Getting older is weird. It’s something, as a little kid, you long for. There were all these hopes and expectations that were connected with getting older. The opportunities that will suddenly be open to you. The adventures that you can suddenly embark on. The lives you’ll lead, as soon as you get to some age, some point in your life that is just beyond your reach. 

I remember, for me, it was turning 16. In all those make-believe games we would play in the school playground, I always wanted to pretend I was 16. I thought it was this magical age where everything in life would speed up, where life would start happening to you. Really, nothing happened to me when I was 16. I think we just went to Benihana for my birthday. 
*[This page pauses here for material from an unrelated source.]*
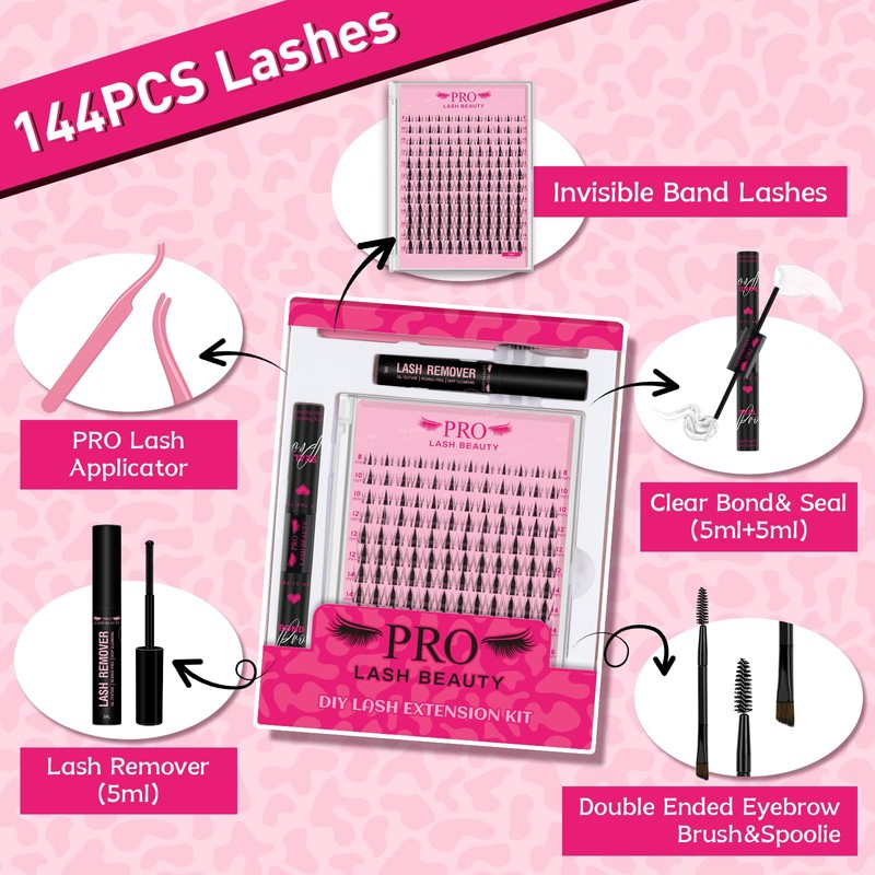 - All - in - One DIY Kit:This DIY Lash Clusters Kit comes with a whopping 144 pieces, making it a comprehensive set for all your lash extension needs. It includes everything from wispy natural individual clear band lashes to essential tools like lash bond, seal, lash applicator, and remover. Whether you're a beginner or a professional, this kit has got you covered, eliminating the need to purchase items separately.

It’s scary, getting older. Especially during these university years where every passing birthday signals another step towards impending adulthood. While questions of ‘what do you want to be when you grow up’ have plagued us throughout our lives, as we grow older, this round of questioning grows more intense and more serious.
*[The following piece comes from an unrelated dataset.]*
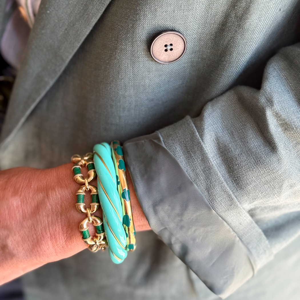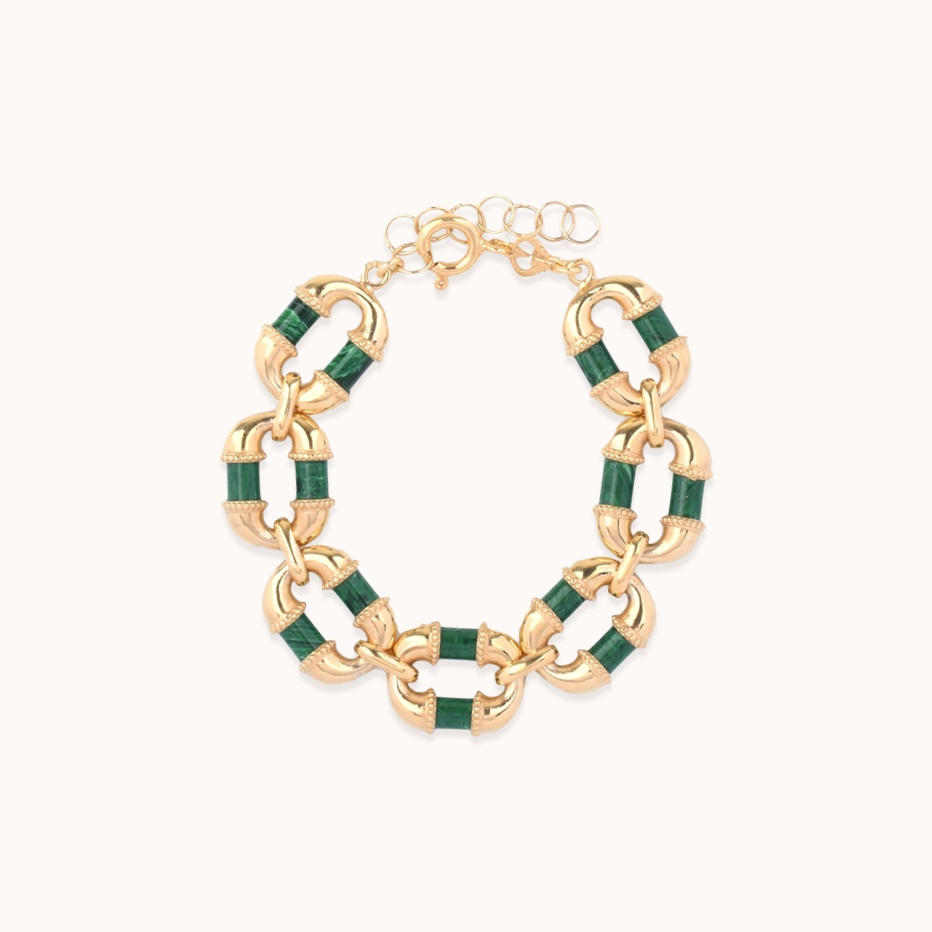 Pulseira em prata 925 vermeil e malaquite.

Our summers are no longer designed to be carefree. We now have to be taking up internships, work experiences, placements, jobs to signal to those around us that we’ll be okay, we’re being proactive and don’t worry, we have a plan. 

These years, the last of our teenage existence and the start of our twenties, is one where feeling lost is the norm. It’s a point where our age is no longer an excuse. We now have to be taking ourselves seriously so that others will repay that respect in return. This inbetween stage is one where we are considered old enough to have an opinion, but are simultaneously considered too young to express an opinion with any confidence or sense of actually being informed.

For the last few birthdays, I’ve had some major freakouts. Like, sure, 18 was fun. But, wow, that’s old. And then 19, that’s really old. And then 20, that’s a whole two decades! It scared me to think that when leaving home for university, I would never properly live at home again. You come home during the holidays but after graduation, you’re expected to get on with your life. No more living at home with your parents, get on up and get on out there. 

So many of us are lost when it comes to our future. So many of us don’t feel confident enough in our abilities to believe we could exist in that bad scary world of adulthood. It’s not about being coddled, or helicopter parenting, or being snowflakes or whatever nonsense excuse older generations may pin on us. Sure, there’s excitement. But growing older is scary, especially during these final years of education as we wait for our lives to get going. Waiting to see if it pans out, if we actually end up alright. 

There is no magical age. There is no point in our lives where everything gets straightened out and all the mysteries of the universe are revealed to us. We are meant to feel lost. We are meant to feel fearful about the uncertain. It may not make any of this easier but it’s better to know you’re not the only one. I’m fucking terrified about getting older and about the future, and I doubt I’m the only one.